Preface
XML is one of the most important developments in document syntax in the history of computing. In the last few years it has been adopted in fields as diverse as law, aeronautics, finance, insurance, robotics, multimedia, hospitality, travel, art, construction, telecommunications, software, agriculture, physics, journalism, theology, retail, and comics. XML has become the syntax of choice for newly designed document formats across almost all computer applications. It's used on Linux, Windows, Macintosh, and many other computer platforms. Mainframes on Wall Street trade stocks with one another by exchanging XML documents. Children playing games on their home PCs save their documents in XML. Sports fans receive real-time game scores on their cell phones in XML. XML is simply the most robust, reliable, and flexible document syntax ever invented.
XML in a Nutshell is a comprehensive guide to the rapidly growing world of XML. It covers all aspects of XML, from the most basic syntax rules, to the details of DTD and schema creation, to the APIs you can use to read and write XML documents in a variety of programming languages.
What This Book Covers
There are hundreds of formally established XML applications from the W3C and other standards bodies, such as OASIS and the Object Management Group. There are even more informal, unstandardized applications from individuals and corporations, such as Microsoft's Channel Definition Format and John Guajardo's Mind Reading Markup Language. This book cannot cover them all, any more than a book on Java could discuss every program that has ever been or might ever be written in Java. This book focuses primarily on XML itself. It covers the fundamental rules that all XML documents and authors must adhere to, whether a web designer uses SMIL to add animations to web pages or a C++ programmer uses SOAP to exchange serialized objects with a remote database.
This book also covers generic supporting technologies that have been layered on top of XML and are used across a wide range of XML applications. These technologies include:
XLink
An attribute-based syntax for hyperlinks between XML and non-XML documents that provide the simple, one-directional links familiar from HTML, multidirectional links between many documents, and links between documents to which you don't have write access.
XSLT
An XML application that describes transformations from one document to another, in either the same or different XML vocabularies.
XPointer
A syntax for URI fragment identifiers that selects particular parts of the XML document referred to by the URI—often used in conjunction with an XLink.
XPath
A non-XML syntax used by both XPointer and XSLT for identifying particular pieces of XML documents. For example, an XPath can locate the third address element in the document, or all elements with an email attribute whose value is elharo@metalab.unc.edu.
Namespaces
A means of distinguishing between elements and attributes from different XML vocabularies that have the same name; for instance, the title of a book and the title of a web page in a web page about books.
Schemas
An XML vocabulary for describing the permissible contents of XML documents from other XML vocabularies.
SAX
The Simple API for XML, an event-based application programming interface implemented by many XML parsers.
DOM
The Document Object Model, a language-neutral tree-oriented API that treats an XML document as a set of nested objects with various properties.
XHTML
An XMLized version of HTML that can be extended with other XML applications such as MathML and SVG.
RDDL
The Resource Directory Description Language, an XML application based on XHTML for documents placed at the end of namespace URLs.
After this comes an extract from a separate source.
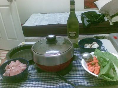 Prepare stuff.. then time to eat.. hahahaha.. STEAMBOAT!!! AT 2 SOMETHING AM!!! Hahahhaa.. we eat steamboat.. open wine.. moscato!! Hehe.. watch funny clips.. then eat till 3 4 something.. then we were thinking.. ok.. I shall nt slp.. watch clips n all till 7.. then I go home.. but I was stoning le.. hahhaha.. then tt rui.. can still kutik me.. say wake me up.. twit!!

All these technologies, whether defined in XML (XLinks, XSLT, Namespaces, Schemas, XHTML, and RDDL) or in another syntax (XPointers, XPath, SAX, and DOM), are used in many different XML applications.
This book does not specifically cover XML applications that are relevant to only some users of XML, such as:
SVG
Scalable Vector Graphics, a W3C-endorsed standard XML encoding of line art.
MathML
The Mathematical Markup Language, a W3C-endorsed standard XML application used for embedding equations in web pages and other documents.
RDF
The Resource Description Framework, a W3C-standard XML application used for describing resources, with a particular focus on the sort of metadata one might find in a library card catalog.
Occasionally we use one or more of these applications in an example, but we do not cover all aspects of the relevant vocabulary in depth. While interesting and important, these applications (and hundreds more like them) are intended primarily for use with special software that knows their format intimately. For instance, most graphic designers do not work directly with SVG. Instead, they use their customary tools, such as Adobe Illustrator, to create SVG documents. They may not even know they're using XML.
This book focuses on standards that are relevant to almost all developers working with XML. We investigate XML technologies that span a wide range of XML applications, not those that are relevant only within a few restricted domains.